The Port Harcourt Refining Company, despite being shut down, continues to supply 349,000 litres of automotive gas oil (diesel) to the market each day, according to the latest data published by the Nigerian Midstream and Downstream Petroleum Regulatory Authority.
The regulator said the refinery, which was shut by the Nigerian National Petroleum Company Limited on May 24, 2025, was still evacuating diesel into the market as of November.
NMDPRA clarified that no production activities are currently taking place at the facility due to its shutdown status, adding that the diesel being supplied was produced before operations were halted and has continued to be evacuated.
“No production activities as the (Port Harcourt) refinery remained in shutdown mode. However, evacuation of AGO produced while the refinery was operational before 24th May 2025 continued at an average of 0.349 million litres/day,” the NMDPRA data read.

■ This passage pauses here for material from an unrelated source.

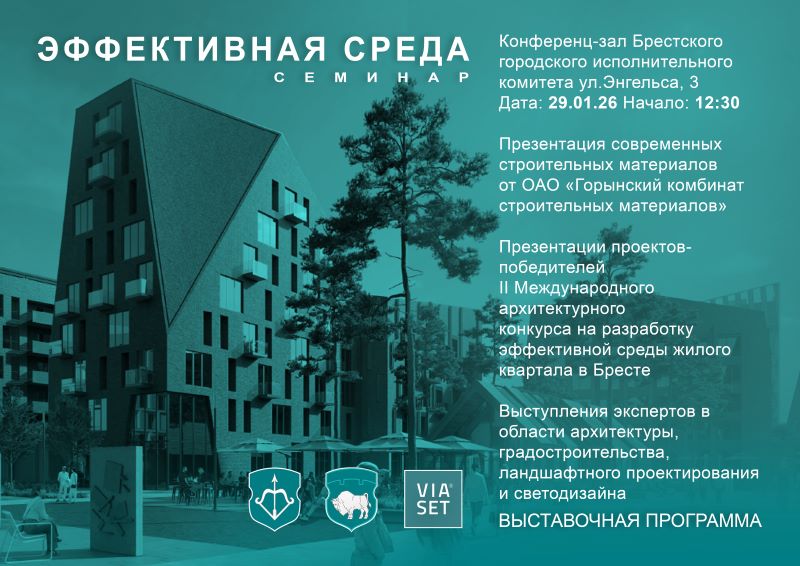 29 января 2026 года в конференц-зале Брестского городского исполнительного комитета (г. Брест, ул. Энгельса, 3) состоится семинар «Эффективная среда», направленный на обсуждение актуальных подходов к формированию жилых территорий и общественных пространств в современных условиях. Начало регистрации в 12:30.

The Port Harcourt Refining Company has now been shut down for maintenance for seven months, with operations yet to resume.
Recall that the immediate past Chief Corporate Communications Officer of the NNPC, Olufemi Soneye, had said on May 23 that the refinery would be taken offline for one month to undergo maintenance.
A day later, on May 24, Soneye formally announced the shutdown in an official statement. However, more than seven months after the closure, the refinery has yet to resume fuel production.
The refinery was recommissioned by the then Group Chief Executive Officer of the NNPC, Mele Kyari, in November 2024, after years of inactivity.
At the time, Kyari said the 60,000-barrels-per-day refinery had resumed operations, noting that the newly rehabilitated and upgraded old Port Harcourt refinery complex was running at about 70 per cent of its installed capacity.
NNPC also stated that diesel and low-pour fuel oil would be the refinery’s major products, with projected daily outputs of 1.5 million litres and 2.1 million litres, respectively.
This was expected to be followed by daily production of straight-run gasoline (naphtha), blended into about 1.4 million litres of premium motor spirit, alongside 900,000 litres of kerosene and 2.1 million litres of low-pour fuel oil.
At the time, it was stated that roughly 200 trucks of petrol would be supplied to the Nigerian market each day.
Upon assuming office, the new Group Chief Executive of the NNPC, Bayo Ojulari, said he reviewed the state of the Port Harcourt refinery and found that its operations were being run at a loss.
Ojulari said the refinery was losing as much as $500 million monthly in operating costs before the rehabilitation work was suspended. He explained that although about 50,000 barrels of crude were being fed into the plant, less than 40 per cent of the input was being processed effectively.